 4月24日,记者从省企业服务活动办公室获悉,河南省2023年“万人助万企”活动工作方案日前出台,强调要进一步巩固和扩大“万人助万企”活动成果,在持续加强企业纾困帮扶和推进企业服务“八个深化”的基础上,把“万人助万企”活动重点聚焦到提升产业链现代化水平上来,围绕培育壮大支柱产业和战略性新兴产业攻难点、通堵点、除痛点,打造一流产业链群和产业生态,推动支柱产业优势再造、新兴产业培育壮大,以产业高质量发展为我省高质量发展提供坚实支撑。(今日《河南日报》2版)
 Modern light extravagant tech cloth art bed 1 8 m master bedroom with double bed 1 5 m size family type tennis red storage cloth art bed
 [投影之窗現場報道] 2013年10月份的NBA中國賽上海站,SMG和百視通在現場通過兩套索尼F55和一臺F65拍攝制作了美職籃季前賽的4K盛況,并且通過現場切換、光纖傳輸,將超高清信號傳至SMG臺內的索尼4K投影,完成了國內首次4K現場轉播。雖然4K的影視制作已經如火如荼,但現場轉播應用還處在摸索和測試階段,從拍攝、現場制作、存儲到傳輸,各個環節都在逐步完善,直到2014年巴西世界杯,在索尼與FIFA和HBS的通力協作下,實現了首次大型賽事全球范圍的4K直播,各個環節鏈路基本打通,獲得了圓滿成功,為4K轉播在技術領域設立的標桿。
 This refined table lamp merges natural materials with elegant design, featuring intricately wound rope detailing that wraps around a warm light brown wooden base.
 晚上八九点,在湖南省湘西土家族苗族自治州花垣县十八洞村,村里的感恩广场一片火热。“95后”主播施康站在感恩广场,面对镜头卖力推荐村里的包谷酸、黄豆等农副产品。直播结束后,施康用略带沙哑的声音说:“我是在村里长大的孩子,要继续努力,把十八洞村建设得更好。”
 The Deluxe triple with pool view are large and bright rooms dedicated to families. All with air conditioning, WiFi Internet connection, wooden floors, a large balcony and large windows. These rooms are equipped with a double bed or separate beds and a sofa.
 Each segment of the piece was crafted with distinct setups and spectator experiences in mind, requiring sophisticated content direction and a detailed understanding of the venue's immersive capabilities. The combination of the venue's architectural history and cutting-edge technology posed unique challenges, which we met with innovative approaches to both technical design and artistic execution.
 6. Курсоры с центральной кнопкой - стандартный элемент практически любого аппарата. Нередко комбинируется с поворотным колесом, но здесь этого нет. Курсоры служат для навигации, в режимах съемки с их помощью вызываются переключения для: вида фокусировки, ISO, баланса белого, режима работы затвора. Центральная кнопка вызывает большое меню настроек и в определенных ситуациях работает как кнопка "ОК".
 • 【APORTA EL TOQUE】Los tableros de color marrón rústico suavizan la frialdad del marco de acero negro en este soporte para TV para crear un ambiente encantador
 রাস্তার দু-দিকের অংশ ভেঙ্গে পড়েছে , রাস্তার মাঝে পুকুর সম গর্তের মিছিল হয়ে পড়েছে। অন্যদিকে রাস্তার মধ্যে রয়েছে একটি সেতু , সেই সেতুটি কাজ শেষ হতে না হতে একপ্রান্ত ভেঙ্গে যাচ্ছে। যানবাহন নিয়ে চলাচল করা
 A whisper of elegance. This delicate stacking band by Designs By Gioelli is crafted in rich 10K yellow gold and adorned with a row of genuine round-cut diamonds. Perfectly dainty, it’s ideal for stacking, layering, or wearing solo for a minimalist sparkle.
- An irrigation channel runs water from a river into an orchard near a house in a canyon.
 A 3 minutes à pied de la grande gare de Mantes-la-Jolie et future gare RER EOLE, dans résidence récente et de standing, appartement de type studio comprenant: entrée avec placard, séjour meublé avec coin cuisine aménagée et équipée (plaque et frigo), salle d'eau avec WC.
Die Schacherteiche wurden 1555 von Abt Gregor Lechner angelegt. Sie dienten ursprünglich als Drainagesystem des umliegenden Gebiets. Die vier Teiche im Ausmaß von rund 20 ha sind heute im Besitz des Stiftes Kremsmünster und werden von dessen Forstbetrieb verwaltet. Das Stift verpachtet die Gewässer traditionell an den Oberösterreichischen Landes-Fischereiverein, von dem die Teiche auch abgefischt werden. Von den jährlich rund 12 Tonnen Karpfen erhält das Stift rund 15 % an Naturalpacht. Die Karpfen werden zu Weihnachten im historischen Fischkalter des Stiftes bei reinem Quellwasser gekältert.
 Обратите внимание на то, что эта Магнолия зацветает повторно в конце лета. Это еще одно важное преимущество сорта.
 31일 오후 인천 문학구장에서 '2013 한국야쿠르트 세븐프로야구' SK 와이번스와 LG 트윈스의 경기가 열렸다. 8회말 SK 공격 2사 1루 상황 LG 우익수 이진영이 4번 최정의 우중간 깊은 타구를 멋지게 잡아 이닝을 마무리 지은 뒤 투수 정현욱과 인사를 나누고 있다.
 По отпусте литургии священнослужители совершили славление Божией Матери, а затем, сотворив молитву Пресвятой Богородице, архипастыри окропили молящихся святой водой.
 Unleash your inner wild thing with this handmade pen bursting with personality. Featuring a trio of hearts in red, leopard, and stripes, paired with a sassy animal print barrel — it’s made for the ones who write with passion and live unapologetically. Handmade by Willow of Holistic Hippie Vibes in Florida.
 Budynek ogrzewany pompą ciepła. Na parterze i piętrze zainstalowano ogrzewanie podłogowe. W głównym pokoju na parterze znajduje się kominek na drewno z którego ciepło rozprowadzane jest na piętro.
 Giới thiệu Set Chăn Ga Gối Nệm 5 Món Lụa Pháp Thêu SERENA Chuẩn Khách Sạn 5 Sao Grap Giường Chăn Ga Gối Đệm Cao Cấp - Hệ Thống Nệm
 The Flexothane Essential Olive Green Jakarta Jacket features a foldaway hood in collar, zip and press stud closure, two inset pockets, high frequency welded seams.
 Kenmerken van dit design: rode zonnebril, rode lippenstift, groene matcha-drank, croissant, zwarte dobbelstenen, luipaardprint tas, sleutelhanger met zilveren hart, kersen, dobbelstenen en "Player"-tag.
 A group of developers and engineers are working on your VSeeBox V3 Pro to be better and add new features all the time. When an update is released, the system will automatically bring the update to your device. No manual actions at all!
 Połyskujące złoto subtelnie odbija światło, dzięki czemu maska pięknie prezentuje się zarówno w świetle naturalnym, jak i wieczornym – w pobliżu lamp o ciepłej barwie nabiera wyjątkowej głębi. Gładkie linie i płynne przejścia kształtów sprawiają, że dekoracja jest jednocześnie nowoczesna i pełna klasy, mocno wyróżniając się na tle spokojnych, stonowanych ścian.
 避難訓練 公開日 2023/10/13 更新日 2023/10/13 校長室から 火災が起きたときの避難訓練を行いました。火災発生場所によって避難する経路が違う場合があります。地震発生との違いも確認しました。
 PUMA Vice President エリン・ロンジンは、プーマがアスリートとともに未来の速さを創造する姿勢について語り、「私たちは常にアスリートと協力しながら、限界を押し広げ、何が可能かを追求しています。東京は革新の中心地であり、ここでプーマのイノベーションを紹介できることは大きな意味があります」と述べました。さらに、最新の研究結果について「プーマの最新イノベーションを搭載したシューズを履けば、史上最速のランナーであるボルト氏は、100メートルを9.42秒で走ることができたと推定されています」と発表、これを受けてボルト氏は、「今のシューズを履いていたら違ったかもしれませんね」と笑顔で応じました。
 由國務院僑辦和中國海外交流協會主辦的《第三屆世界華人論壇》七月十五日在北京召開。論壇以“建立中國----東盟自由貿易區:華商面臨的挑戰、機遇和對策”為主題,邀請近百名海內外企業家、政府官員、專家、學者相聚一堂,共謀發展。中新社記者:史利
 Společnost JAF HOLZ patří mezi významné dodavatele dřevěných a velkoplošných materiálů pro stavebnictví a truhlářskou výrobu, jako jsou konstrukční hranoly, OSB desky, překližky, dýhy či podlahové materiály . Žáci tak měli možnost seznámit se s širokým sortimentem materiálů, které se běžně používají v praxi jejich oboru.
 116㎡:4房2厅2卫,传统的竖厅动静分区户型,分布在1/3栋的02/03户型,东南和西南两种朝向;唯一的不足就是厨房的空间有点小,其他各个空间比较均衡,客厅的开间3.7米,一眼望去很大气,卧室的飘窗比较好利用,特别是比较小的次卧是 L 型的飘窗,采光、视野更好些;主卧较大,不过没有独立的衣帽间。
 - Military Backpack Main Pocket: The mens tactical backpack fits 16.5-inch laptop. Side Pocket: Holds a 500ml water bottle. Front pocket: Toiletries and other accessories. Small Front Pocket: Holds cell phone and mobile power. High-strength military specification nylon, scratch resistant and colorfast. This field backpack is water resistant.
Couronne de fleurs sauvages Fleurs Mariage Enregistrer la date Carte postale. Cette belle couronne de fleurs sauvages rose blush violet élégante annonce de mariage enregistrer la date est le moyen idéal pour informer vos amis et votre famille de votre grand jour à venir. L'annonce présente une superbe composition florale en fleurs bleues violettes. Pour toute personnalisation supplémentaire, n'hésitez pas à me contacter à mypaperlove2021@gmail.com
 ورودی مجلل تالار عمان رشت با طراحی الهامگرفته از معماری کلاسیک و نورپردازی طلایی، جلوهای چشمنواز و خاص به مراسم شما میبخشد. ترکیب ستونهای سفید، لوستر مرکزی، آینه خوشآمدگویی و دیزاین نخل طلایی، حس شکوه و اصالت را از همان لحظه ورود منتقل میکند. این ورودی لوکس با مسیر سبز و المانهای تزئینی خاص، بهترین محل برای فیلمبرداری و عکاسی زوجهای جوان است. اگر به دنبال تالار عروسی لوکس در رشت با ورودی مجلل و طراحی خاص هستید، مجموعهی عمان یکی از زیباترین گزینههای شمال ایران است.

# # # #

Taking the lines above, repeat exactly those from the line that contains "Společnost JAF HOLZ" through the line that contains "- Military Backpack", and both of those lines as well. Include nothing else.

 Společnost JAF HOLZ patří mezi významné dodavatele dřevěných a velkoplošných materiálů pro stavebnictví a truhlářskou výrobu, jako jsou konstrukční hranoly, OSB desky, překližky, dýhy či podlahové materiály . Žáci tak měli možnost seznámit se s širokým sortimentem materiálů, které se běžně používají v praxi jejich oboru.
 116㎡:4房2厅2卫,传统的竖厅动静分区户型,分布在1/3栋的02/03户型,东南和西南两种朝向;唯一的不足就是厨房的空间有点小,其他各个空间比较均衡,客厅的开间3.7米,一眼望去很大气,卧室的飘窗比较好利用,特别是比较小的次卧是 L 型的飘窗,采光、视野更好些;主卧较大,不过没有独立的衣帽间。
 - Military Backpack Main Pocket: The mens tactical backpack fits 16.5-inch laptop. Side Pocket: Holds a 500ml water bottle. Front pocket: Toiletries and other accessories. Small Front Pocket: Holds cell phone and mobile power. High-strength military specification nylon, scratch resistant and colorfast. This field backpack is water resistant.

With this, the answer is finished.